(WORK INSTRUCTION)
The records below are to be reproduced exactly, with the pictures left out.

Dataset excerpts
* * *
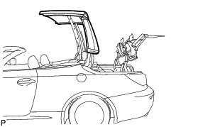 Slowly close the roof panels while checking that the guide pins on the roof panel and the sockets on the pillars are aligned.
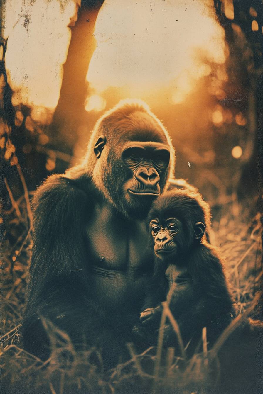 بورتريه عفوي تم التقاطه بواسطة بولارويد، صورة بالأبيض والأسود، إضاءة سينمائية، تباين قوي، غوريلا صديقة مع غوريلا صغيرة، شعاع دافئ من الضوء البرتقالي-الذي يسلط الضوء على الاثنين، جمالية فيلم أنالوج تالف.
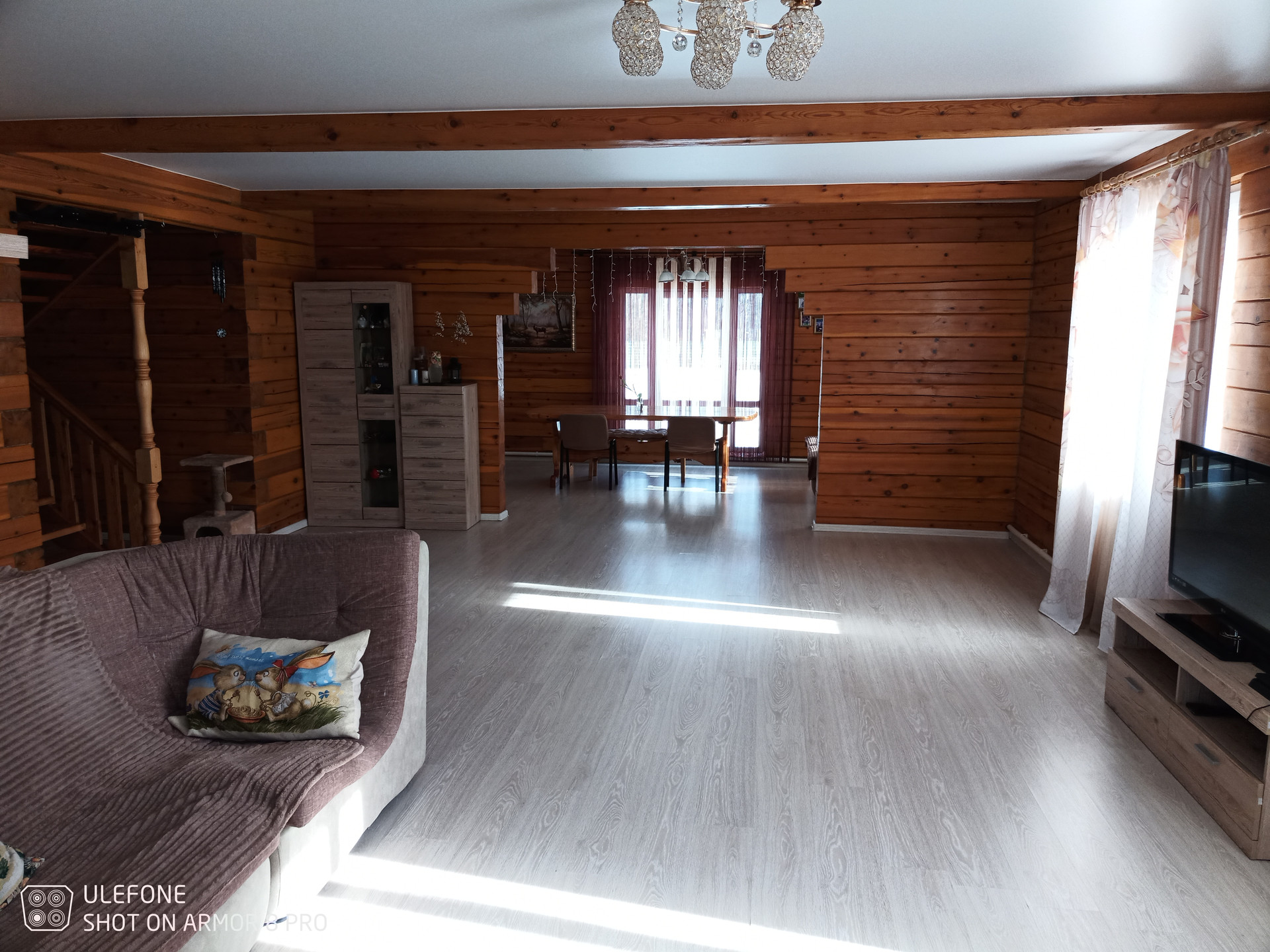 На первом этаже просторная, большая гостинная, санузел, гардеробная. На втором этаже 5 спальных комнат и санузел.
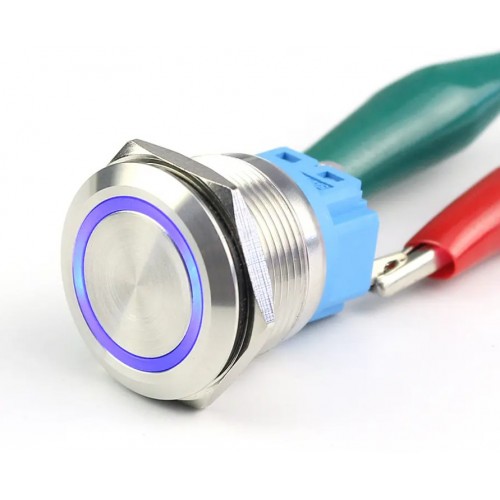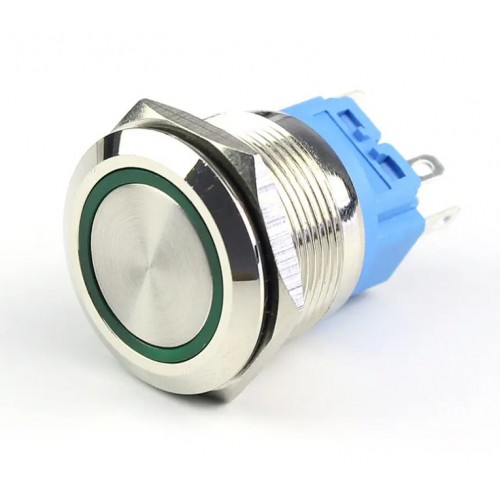 Кнопка антивандальна LAS3-22F-11EL/S ON-ON діаметром 22 мм - антивандальний металевий вимикач із кільцевою LED-підсвіткою, контактною групою SPDT (1NO1NC). Підходить для використання в промисловому, транспортному та побутовому обладнанні, де потрібна надійність і стійкість до зовнішніх впливів.
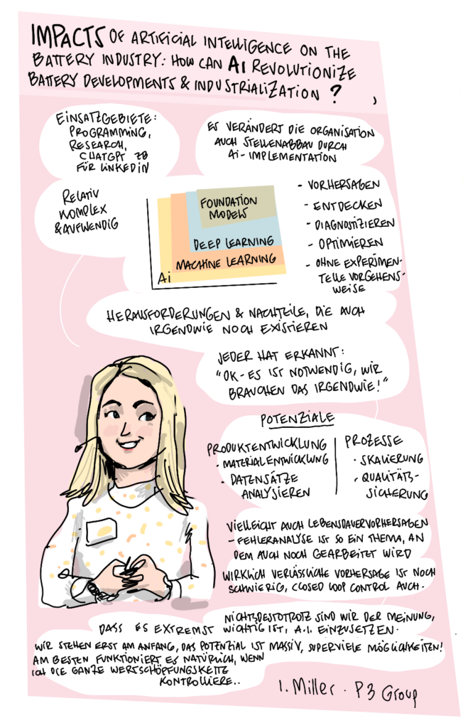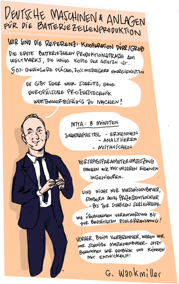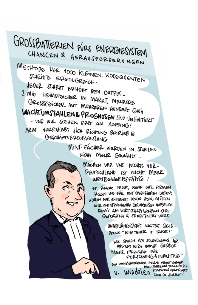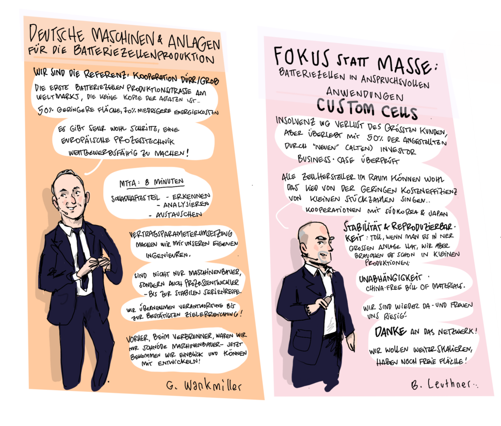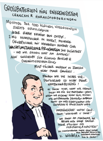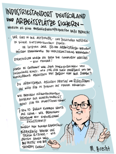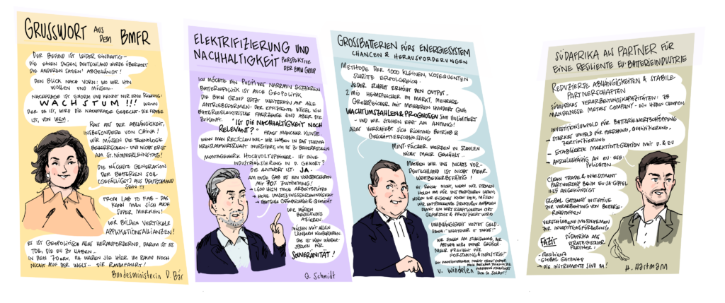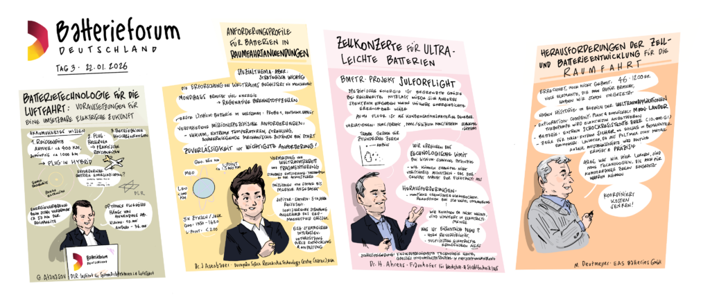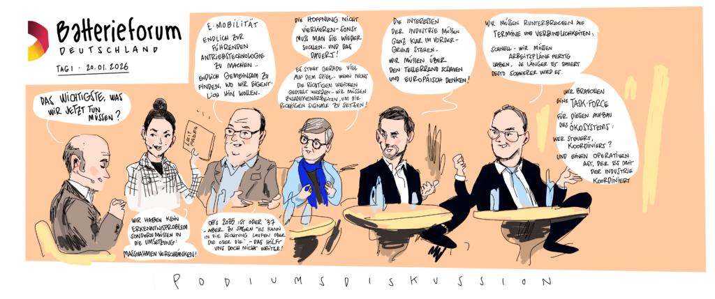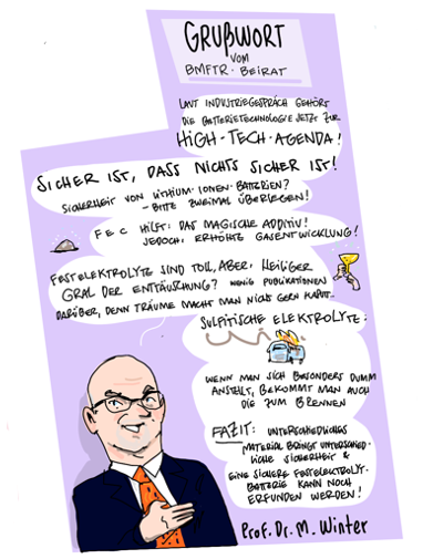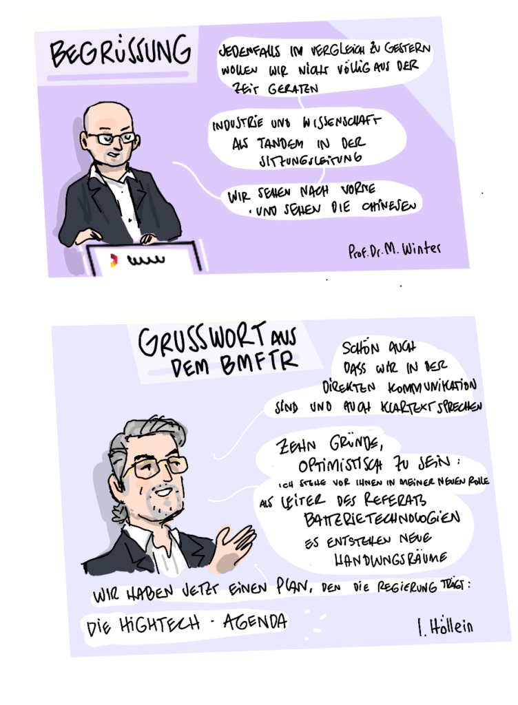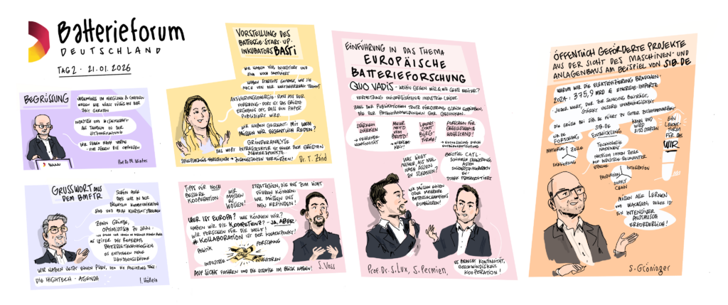 Im Januar 2025 veranstaltete das Kompetenznetzwerk Lithium-Ionen-Batterien (KLiB) e. V. mit Unterstützung des Bundesministeriums für Bildung und Forschung (BMBF) zum 13. Mal das Batterieforum Deutschland. Als besonderer Gast beehrte uns in diesem Jahr der Bundesminister für Bildung und Forschung Cem Özdemir. Zum ersten Mal haben wir die Eindrücke nicht nur von unserem Fotografen Markus Braumann einfangen lassen, sondern auch von dem Hamburger Illustrator Till Lassmann. Wir danken allen Referent:innen und Moderator:innen für die spannenden Sessions und natürlich den Teilnehmer:innen, den Sponsoren, dem BMFTR-Beirat Batterieforschung Deutschland und allen, die dieses besondere Event ermöglicht und mitgestaltet haben.
* * *
(SOLUTION TO THIS EXERCISE)
 Slowly close the roof panels while checking that the guide pins on the roof panel and the sockets on the pillars are aligned.
 بورتريه عفوي تم التقاطه بواسطة بولارويد، صورة بالأبيض والأسود، إضاءة سينمائية، تباين قوي، غوريلا صديقة مع غوريلا صغيرة، شعاع دافئ من الضوء البرتقالي-الذي يسلط الضوء على الاثنين، جمالية فيلم أنالوج تالف.
 На первом этаже просторная, большая гостинная, санузел, гардеробная. На втором этаже 5 спальных комнат и санузел.
 Кнопка антивандальна LAS3-22F-11EL/S ON-ON діаметром 22 мм - антивандальний металевий вимикач із кільцевою LED-підсвіткою, контактною групою SPDT (1NO1NC). Підходить для використання в промисловому, транспортному та побутовому обладнанні, де потрібна надійність і стійкість до зовнішніх впливів.
 Im Januar 2025 veranstaltete das Kompetenznetzwerk Lithium-Ionen-Batterien (KLiB) e. V. mit Unterstützung des Bundesministeriums für Bildung und Forschung (BMBF) zum 13. Mal das Batterieforum Deutschland. Als besonderer Gast beehrte uns in diesem Jahr der Bundesminister für Bildung und Forschung Cem Özdemir. Zum ersten Mal haben wir die Eindrücke nicht nur von unserem Fotografen Markus Braumann einfangen lassen, sondern auch von dem Hamburger Illustrator Till Lassmann. Wir danken allen Referent:innen und Moderator:innen für die spannenden Sessions und natürlich den Teilnehmer:innen, den Sponsoren, dem BMFTR-Beirat Batterieforschung Deutschland und allen, die dieses besondere Event ermöglicht und mitgestaltet haben.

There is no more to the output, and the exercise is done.